[Material for the task]
== == ==

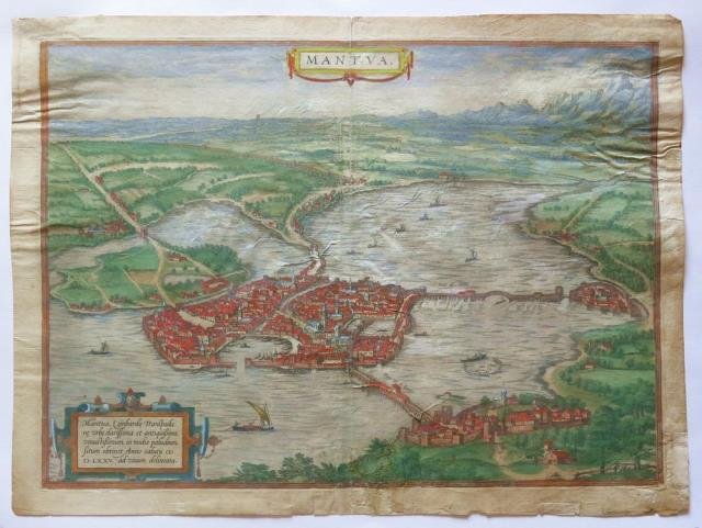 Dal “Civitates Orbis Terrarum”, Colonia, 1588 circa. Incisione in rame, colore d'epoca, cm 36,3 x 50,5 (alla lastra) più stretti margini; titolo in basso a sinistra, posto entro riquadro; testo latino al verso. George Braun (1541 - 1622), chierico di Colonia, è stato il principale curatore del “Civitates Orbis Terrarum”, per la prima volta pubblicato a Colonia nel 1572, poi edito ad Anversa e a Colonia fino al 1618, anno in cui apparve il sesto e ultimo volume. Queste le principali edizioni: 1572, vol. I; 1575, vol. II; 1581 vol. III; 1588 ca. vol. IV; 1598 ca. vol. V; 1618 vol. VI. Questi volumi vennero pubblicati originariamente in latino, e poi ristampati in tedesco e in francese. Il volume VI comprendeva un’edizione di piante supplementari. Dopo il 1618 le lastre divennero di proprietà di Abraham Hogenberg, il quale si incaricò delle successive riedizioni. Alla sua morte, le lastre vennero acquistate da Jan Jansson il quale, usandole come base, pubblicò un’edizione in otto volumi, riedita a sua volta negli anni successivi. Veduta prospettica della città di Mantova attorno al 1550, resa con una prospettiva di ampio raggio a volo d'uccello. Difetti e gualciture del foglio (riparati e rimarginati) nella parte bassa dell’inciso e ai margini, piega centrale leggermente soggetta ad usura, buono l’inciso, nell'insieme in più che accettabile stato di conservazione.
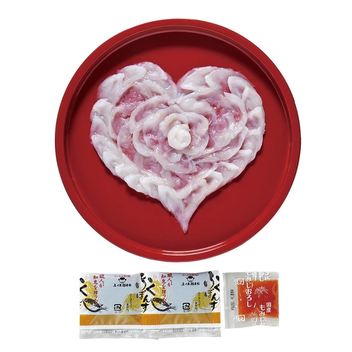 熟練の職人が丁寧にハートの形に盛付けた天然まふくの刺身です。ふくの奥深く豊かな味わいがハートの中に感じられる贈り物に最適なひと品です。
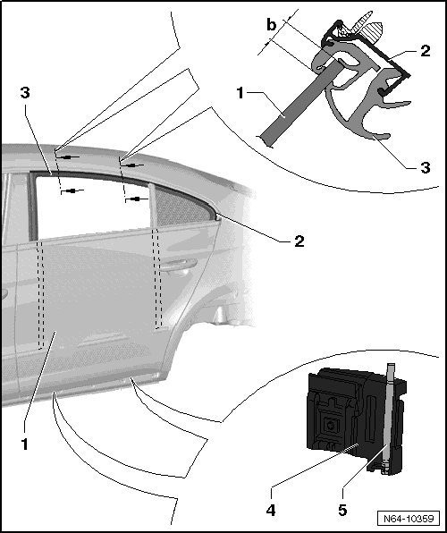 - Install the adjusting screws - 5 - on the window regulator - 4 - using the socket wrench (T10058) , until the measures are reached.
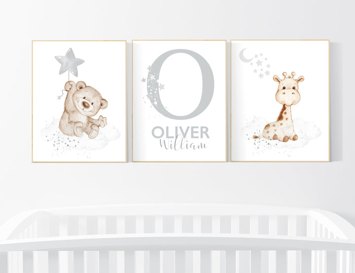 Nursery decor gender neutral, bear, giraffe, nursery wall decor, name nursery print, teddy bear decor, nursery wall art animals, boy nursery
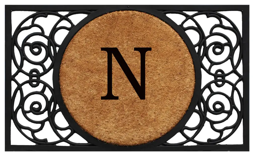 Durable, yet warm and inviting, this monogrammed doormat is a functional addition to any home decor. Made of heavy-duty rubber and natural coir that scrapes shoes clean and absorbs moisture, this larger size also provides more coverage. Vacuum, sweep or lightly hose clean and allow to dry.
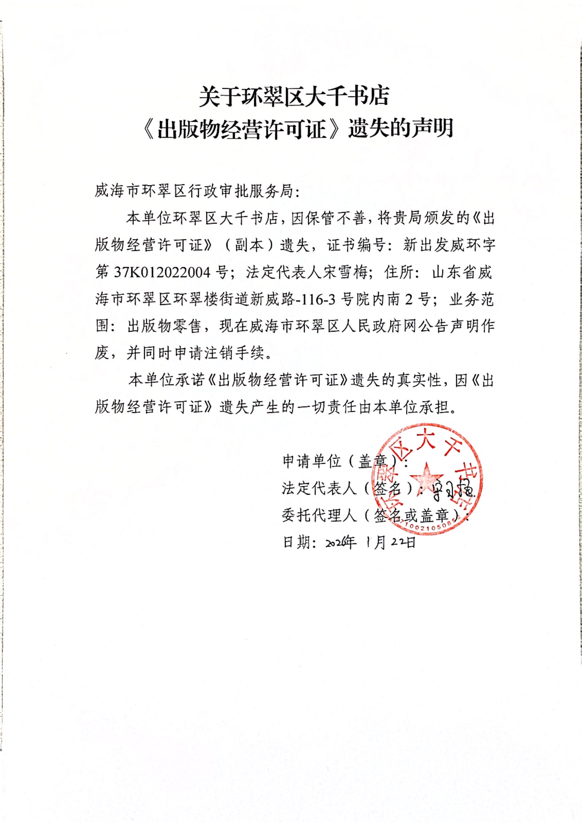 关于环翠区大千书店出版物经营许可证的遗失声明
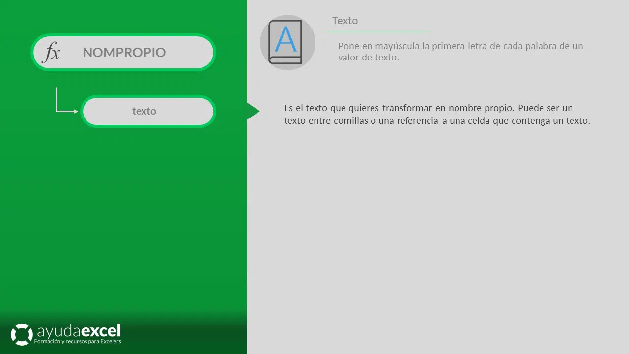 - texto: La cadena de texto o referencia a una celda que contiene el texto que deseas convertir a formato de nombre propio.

== == ==

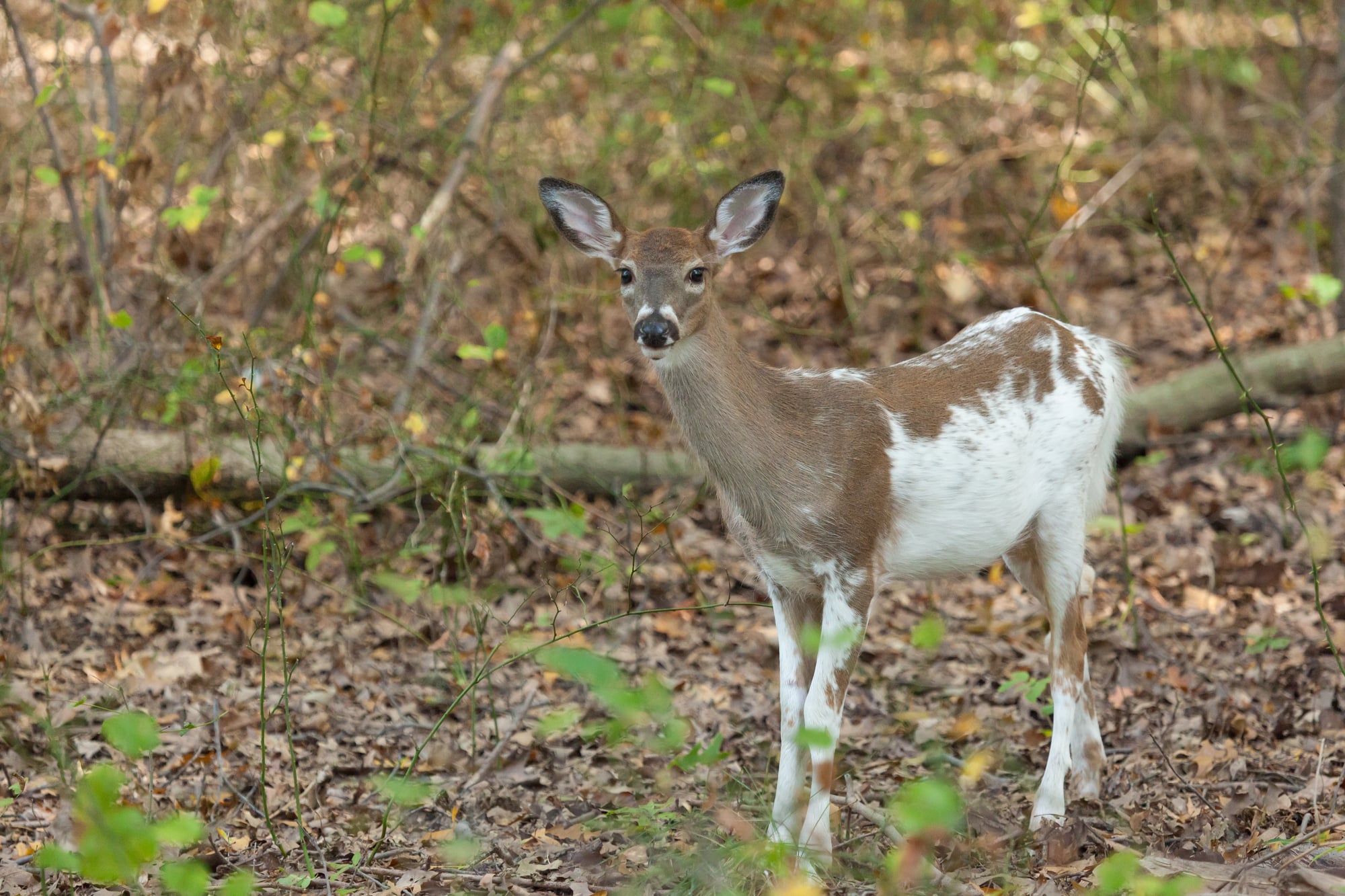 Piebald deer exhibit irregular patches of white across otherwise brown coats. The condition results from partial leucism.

== == ==

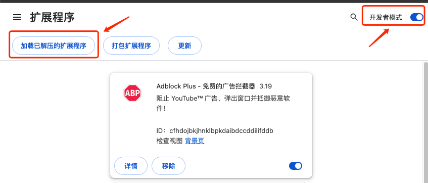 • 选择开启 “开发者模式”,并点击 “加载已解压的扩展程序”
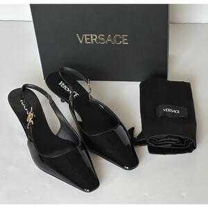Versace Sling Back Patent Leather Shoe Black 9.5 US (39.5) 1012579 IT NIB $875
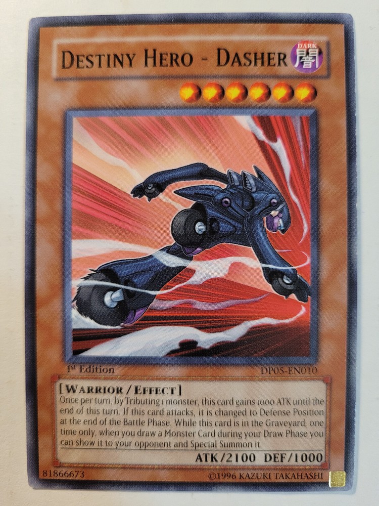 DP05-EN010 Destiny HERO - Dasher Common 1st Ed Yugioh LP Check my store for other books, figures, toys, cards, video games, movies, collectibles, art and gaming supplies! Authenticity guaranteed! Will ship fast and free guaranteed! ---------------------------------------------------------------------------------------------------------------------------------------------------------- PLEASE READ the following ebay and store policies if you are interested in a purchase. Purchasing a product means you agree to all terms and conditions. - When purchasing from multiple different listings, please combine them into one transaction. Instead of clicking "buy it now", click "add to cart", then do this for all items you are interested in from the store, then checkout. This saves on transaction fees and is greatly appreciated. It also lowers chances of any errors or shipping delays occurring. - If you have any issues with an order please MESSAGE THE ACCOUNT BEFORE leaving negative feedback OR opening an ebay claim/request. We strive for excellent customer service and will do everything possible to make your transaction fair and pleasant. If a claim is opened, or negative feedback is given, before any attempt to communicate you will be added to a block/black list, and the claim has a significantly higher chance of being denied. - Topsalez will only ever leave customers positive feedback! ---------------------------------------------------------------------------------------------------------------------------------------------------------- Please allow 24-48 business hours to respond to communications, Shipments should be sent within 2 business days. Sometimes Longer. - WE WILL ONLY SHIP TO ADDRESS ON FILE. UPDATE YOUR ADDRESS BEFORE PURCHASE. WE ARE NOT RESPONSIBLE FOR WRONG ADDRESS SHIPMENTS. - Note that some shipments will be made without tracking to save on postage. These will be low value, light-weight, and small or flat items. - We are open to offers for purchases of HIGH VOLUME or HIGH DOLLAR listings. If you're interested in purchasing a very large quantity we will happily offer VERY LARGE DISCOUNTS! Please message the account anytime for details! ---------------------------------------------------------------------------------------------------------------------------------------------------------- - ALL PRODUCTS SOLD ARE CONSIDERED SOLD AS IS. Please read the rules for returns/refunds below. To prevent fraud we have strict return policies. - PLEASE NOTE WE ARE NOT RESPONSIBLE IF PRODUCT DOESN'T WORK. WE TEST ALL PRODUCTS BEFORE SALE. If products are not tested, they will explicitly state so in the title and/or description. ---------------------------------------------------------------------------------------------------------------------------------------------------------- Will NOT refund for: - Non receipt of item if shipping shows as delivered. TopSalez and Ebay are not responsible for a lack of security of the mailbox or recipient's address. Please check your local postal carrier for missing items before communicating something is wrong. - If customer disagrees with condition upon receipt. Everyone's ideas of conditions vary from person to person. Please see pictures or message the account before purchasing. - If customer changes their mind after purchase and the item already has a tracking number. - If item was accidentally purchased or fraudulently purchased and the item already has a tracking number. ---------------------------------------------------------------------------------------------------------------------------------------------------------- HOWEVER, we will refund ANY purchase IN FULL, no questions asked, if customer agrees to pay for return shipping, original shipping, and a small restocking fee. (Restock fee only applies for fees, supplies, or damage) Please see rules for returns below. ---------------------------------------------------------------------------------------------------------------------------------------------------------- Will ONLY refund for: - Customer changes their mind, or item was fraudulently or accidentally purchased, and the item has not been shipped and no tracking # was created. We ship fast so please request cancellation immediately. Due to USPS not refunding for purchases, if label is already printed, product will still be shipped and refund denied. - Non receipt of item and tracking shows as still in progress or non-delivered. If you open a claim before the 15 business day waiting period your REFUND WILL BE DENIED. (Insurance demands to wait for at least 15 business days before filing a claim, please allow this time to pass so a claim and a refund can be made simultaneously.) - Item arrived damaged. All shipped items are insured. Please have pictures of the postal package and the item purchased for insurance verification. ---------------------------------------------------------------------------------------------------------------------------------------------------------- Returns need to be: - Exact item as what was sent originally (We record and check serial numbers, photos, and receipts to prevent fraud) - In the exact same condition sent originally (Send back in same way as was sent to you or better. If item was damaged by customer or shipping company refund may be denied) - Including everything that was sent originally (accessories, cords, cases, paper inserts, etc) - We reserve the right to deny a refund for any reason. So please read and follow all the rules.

== == ==

[Directions] Within the listing above, the lines starting at the one containing "Durable, yet warm" and ending at the one containing "- texto: La" are to be returned exactly. Omit the pictures.

[Exercise answer]
 Durable, yet warm and inviting, this monogrammed doormat is a functional addition to any home decor. Made of heavy-duty rubber and natural coir that scrapes shoes clean and absorbs moisture, this larger size also provides more coverage. Vacuum, sweep or lightly hose clean and allow to dry.
 关于环翠区大千书店出版物经营许可证的遗失声明
 - texto: La cadena de texto o referencia a una celda que contiene el texto que deseas convertir a formato de nombre propio.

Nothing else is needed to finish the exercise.